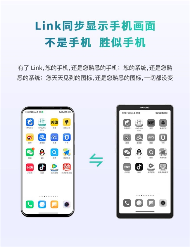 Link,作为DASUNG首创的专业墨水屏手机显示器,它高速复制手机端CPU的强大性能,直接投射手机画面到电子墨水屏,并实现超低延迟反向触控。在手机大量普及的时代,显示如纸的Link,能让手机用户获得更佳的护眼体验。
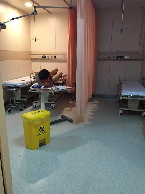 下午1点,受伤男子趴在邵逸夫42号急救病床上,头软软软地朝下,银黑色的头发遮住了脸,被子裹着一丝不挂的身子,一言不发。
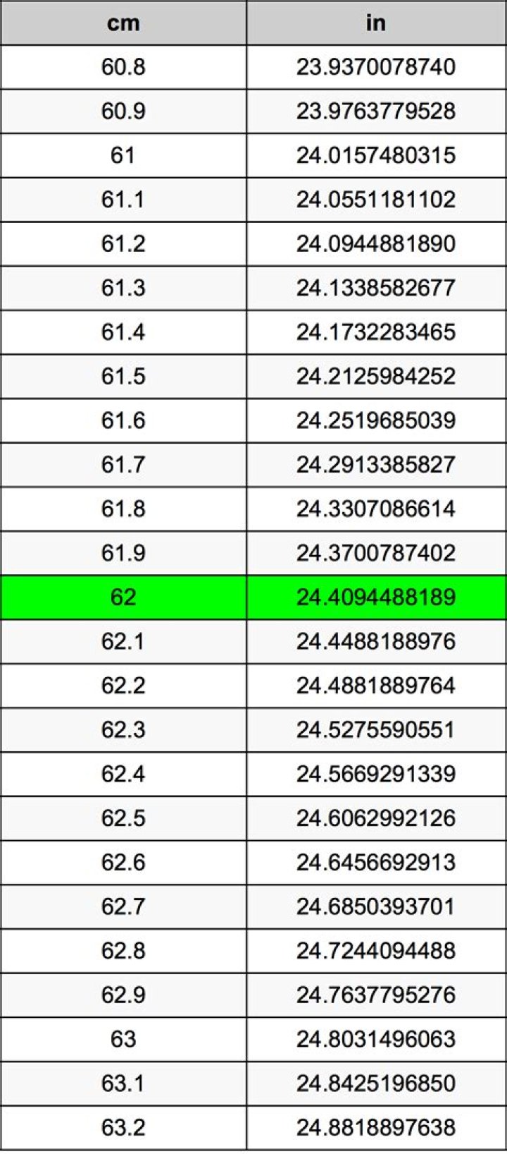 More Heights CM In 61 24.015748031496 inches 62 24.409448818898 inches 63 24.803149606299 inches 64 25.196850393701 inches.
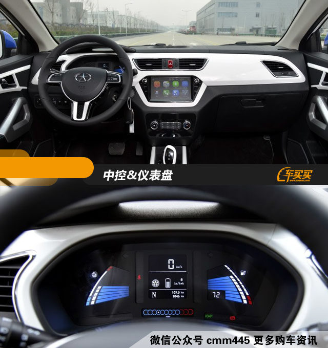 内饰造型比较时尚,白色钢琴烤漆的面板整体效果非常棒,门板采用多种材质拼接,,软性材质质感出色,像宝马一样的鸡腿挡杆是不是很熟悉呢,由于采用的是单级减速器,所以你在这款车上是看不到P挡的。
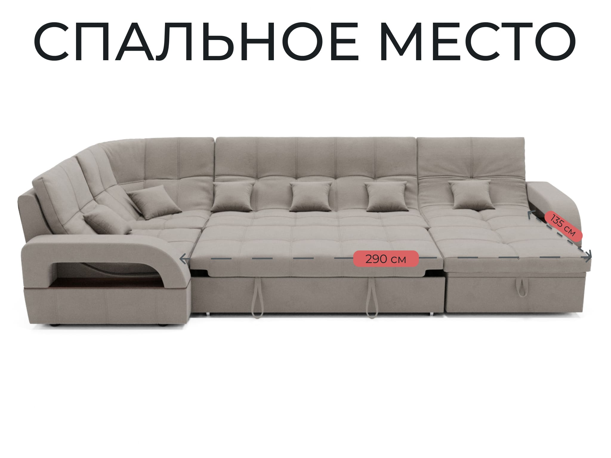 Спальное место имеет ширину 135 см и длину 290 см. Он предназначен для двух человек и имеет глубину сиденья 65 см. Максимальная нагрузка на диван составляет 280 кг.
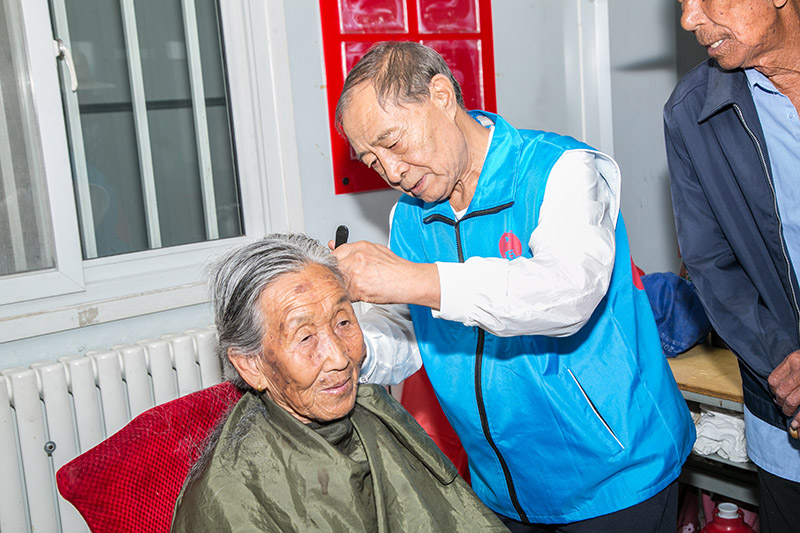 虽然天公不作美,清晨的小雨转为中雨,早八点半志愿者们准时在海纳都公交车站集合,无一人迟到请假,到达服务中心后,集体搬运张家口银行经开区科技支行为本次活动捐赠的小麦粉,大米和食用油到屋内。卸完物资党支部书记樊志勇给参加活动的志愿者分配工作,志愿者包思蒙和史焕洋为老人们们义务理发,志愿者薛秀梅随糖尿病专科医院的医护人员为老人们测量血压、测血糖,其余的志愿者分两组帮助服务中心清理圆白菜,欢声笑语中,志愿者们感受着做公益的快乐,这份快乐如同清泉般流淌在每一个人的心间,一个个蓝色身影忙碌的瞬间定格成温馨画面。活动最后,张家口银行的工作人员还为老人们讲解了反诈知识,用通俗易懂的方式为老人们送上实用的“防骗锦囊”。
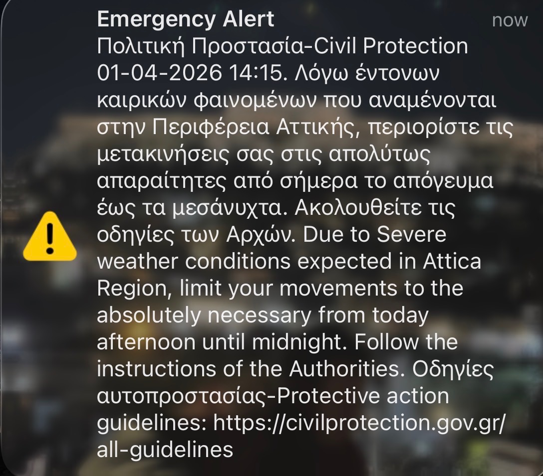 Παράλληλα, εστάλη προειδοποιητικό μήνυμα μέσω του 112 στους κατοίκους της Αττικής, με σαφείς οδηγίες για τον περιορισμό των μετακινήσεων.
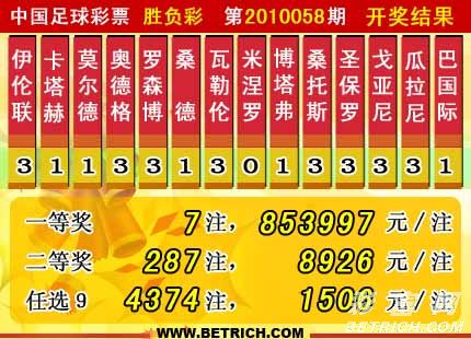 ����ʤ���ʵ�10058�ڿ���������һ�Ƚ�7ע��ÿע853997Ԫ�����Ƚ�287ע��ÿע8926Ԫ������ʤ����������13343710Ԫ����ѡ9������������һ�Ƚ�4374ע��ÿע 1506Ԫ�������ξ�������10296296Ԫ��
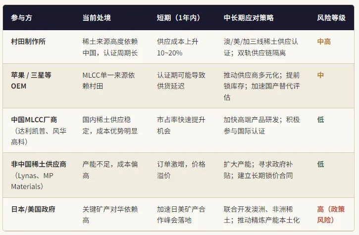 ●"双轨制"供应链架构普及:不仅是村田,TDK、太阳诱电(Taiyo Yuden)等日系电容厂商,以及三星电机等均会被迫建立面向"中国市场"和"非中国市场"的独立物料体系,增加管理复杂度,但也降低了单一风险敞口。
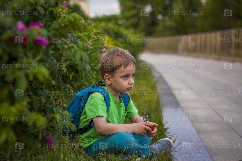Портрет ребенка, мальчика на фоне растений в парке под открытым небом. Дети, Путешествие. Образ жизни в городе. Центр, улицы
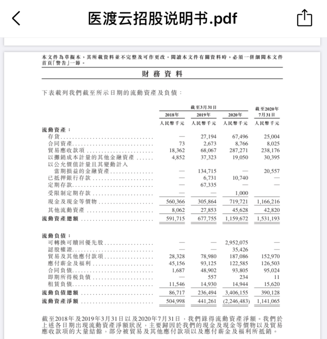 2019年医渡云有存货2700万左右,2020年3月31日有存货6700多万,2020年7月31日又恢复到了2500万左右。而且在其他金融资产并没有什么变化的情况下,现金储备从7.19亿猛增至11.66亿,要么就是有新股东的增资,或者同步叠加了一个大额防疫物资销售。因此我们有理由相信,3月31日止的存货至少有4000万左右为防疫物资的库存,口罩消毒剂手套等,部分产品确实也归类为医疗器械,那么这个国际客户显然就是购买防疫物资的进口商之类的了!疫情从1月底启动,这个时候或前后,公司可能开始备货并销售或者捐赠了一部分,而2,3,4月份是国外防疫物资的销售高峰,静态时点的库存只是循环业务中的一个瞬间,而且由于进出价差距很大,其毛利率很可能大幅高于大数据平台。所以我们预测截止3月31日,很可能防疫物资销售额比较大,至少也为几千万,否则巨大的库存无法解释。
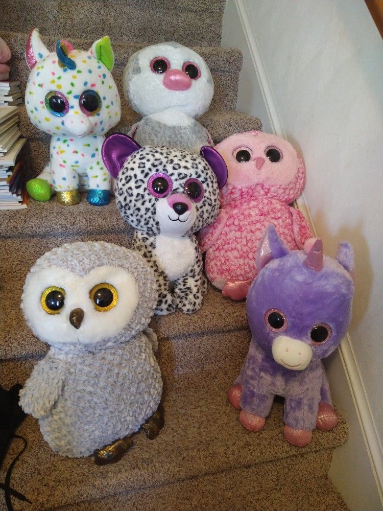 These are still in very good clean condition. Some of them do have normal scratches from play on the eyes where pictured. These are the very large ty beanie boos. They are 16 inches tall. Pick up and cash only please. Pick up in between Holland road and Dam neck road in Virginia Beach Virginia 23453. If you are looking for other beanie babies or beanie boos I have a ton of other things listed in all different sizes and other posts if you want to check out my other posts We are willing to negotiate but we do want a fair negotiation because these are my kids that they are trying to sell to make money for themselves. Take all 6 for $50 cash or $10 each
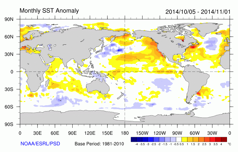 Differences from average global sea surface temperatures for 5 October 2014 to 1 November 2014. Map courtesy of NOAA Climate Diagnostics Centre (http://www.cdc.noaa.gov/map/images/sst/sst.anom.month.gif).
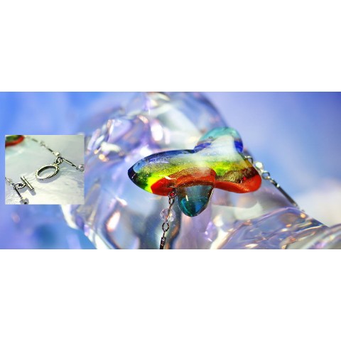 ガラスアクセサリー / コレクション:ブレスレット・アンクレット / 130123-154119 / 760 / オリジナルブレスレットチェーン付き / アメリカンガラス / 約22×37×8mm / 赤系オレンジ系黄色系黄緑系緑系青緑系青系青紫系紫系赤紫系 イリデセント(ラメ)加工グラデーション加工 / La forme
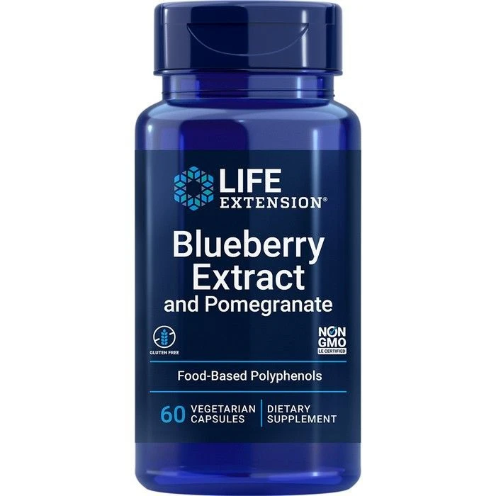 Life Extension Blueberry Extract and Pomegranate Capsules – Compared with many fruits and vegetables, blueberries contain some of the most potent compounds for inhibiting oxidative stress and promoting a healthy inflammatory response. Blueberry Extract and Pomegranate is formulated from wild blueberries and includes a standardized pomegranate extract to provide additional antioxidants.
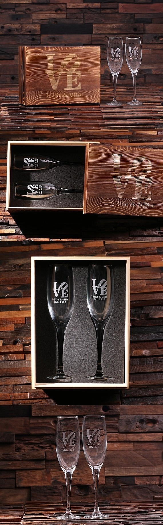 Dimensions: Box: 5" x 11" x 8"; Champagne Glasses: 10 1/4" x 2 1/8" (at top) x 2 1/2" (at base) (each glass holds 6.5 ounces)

#### WHAT THE TASK ASKS
Exclude the pictures, then write out every record exactly as it stands.

#### REPLY
 Link,作为DASUNG首创的专业墨水屏手机显示器,它高速复制手机端CPU的强大性能,直接投射手机画面到电子墨水屏,并实现超低延迟反向触控。在手机大量普及的时代,显示如纸的Link,能让手机用户获得更佳的护眼体验。
 下午1点,受伤男子趴在邵逸夫42号急救病床上,头软软软地朝下,银黑色的头发遮住了脸,被子裹着一丝不挂的身子,一言不发。
 More Heights CM In 61 24.015748031496 inches 62 24.409448818898 inches 63 24.803149606299 inches 64 25.196850393701 inches.
 内饰造型比较时尚,白色钢琴烤漆的面板整体效果非常棒,门板采用多种材质拼接,,软性材质质感出色,像宝马一样的鸡腿挡杆是不是很熟悉呢,由于采用的是单级减速器,所以你在这款车上是看不到P挡的。
 Спальное место имеет ширину 135 см и длину 290 см. Он предназначен для двух человек и имеет глубину сиденья 65 см. Максимальная нагрузка на диван составляет 280 кг.
 虽然天公不作美,清晨的小雨转为中雨,早八点半志愿者们准时在海纳都公交车站集合,无一人迟到请假,到达服务中心后,集体搬运张家口银行经开区科技支行为本次活动捐赠的小麦粉,大米和食用油到屋内。卸完物资党支部书记樊志勇给参加活动的志愿者分配工作,志愿者包思蒙和史焕洋为老人们们义务理发,志愿者薛秀梅随糖尿病专科医院的医护人员为老人们测量血压、测血糖,其余的志愿者分两组帮助服务中心清理圆白菜,欢声笑语中,志愿者们感受着做公益的快乐,这份快乐如同清泉般流淌在每一个人的心间,一个个蓝色身影忙碌的瞬间定格成温馨画面。活动最后,张家口银行的工作人员还为老人们讲解了反诈知识,用通俗易懂的方式为老人们送上实用的“防骗锦囊”。
 Παράλληλα, εστάλη προειδοποιητικό μήνυμα μέσω του 112 στους κατοίκους της Αττικής, με σαφείς οδηγίες για τον περιορισμό των μετακινήσεων.
 ����ʤ���ʵ�10058�ڿ���������һ�Ƚ�7ע��ÿע853997Ԫ�����Ƚ�287ע��ÿע8926Ԫ������ʤ����������13343710Ԫ����ѡ9������������һ�Ƚ�4374ע��ÿע 1506Ԫ�������ξ�������10296296Ԫ��
 ●"双轨制"供应链架构普及:不仅是村田,TDK、太阳诱电(Taiyo Yuden)等日系电容厂商,以及三星电机等均会被迫建立面向"中国市场"和"非中国市场"的独立物料体系,增加管理复杂度,但也降低了单一风险敞口。
Портрет ребенка, мальчика на фоне растений в парке под открытым небом. Дети, Путешествие. Образ жизни в городе. Центр, улицы
 2019年医渡云有存货2700万左右,2020年3月31日有存货6700多万,2020年7月31日又恢复到了2500万左右。而且在其他金融资产并没有什么变化的情况下,现金储备从7.19亿猛增至11.66亿,要么就是有新股东的增资,或者同步叠加了一个大额防疫物资销售。因此我们有理由相信,3月31日止的存货至少有4000万左右为防疫物资的库存,口罩消毒剂手套等,部分产品确实也归类为医疗器械,那么这个国际客户显然就是购买防疫物资的进口商之类的了!疫情从1月底启动,这个时候或前后,公司可能开始备货并销售或者捐赠了一部分,而2,3,4月份是国外防疫物资的销售高峰,静态时点的库存只是循环业务中的一个瞬间,而且由于进出价差距很大,其毛利率很可能大幅高于大数据平台。所以我们预测截止3月31日,很可能防疫物资销售额比较大,至少也为几千万,否则巨大的库存无法解释。
 These are still in very good clean condition. Some of them do have normal scratches from play on the eyes where pictured. These are the very large ty beanie boos. They are 16 inches tall. Pick up and cash only please. Pick up in between Holland road and Dam neck road in Virginia Beach Virginia 23453. If you are looking for other beanie babies or beanie boos I have a ton of other things listed in all different sizes and other posts if you want to check out my other posts We are willing to negotiate but we do want a fair negotiation because these are my kids that they are trying to sell to make money for themselves. Take all 6 for $50 cash or $10 each
 Differences from average global sea surface temperatures for 5 October 2014 to 1 November 2014. Map courtesy of NOAA Climate Diagnostics Centre (http://www.cdc.noaa.gov/map/images/sst/sst.anom.month.gif).
 ガラスアクセサリー / コレクション:ブレスレット・アンクレット / 130123-154119 / 760 / オリジナルブレスレットチェーン付き / アメリカンガラス / 約22×37×8mm / 赤系オレンジ系黄色系黄緑系緑系青緑系青系青紫系紫系赤紫系 イリデセント(ラメ)加工グラデーション加工 / La forme
 Life Extension Blueberry Extract and Pomegranate Capsules – Compared with many fruits and vegetables, blueberries contain some of the most potent compounds for inhibiting oxidative stress and promoting a healthy inflammatory response. Blueberry Extract and Pomegranate is formulated from wild blueberries and includes a standardized pomegranate extract to provide additional antioxidants.
 Dimensions: Box: 5" x 11" x 8"; Champagne Glasses: 10 1/4" x 2 1/8" (at top) x 2 1/2" (at base) (each glass holds 6.5 ounces)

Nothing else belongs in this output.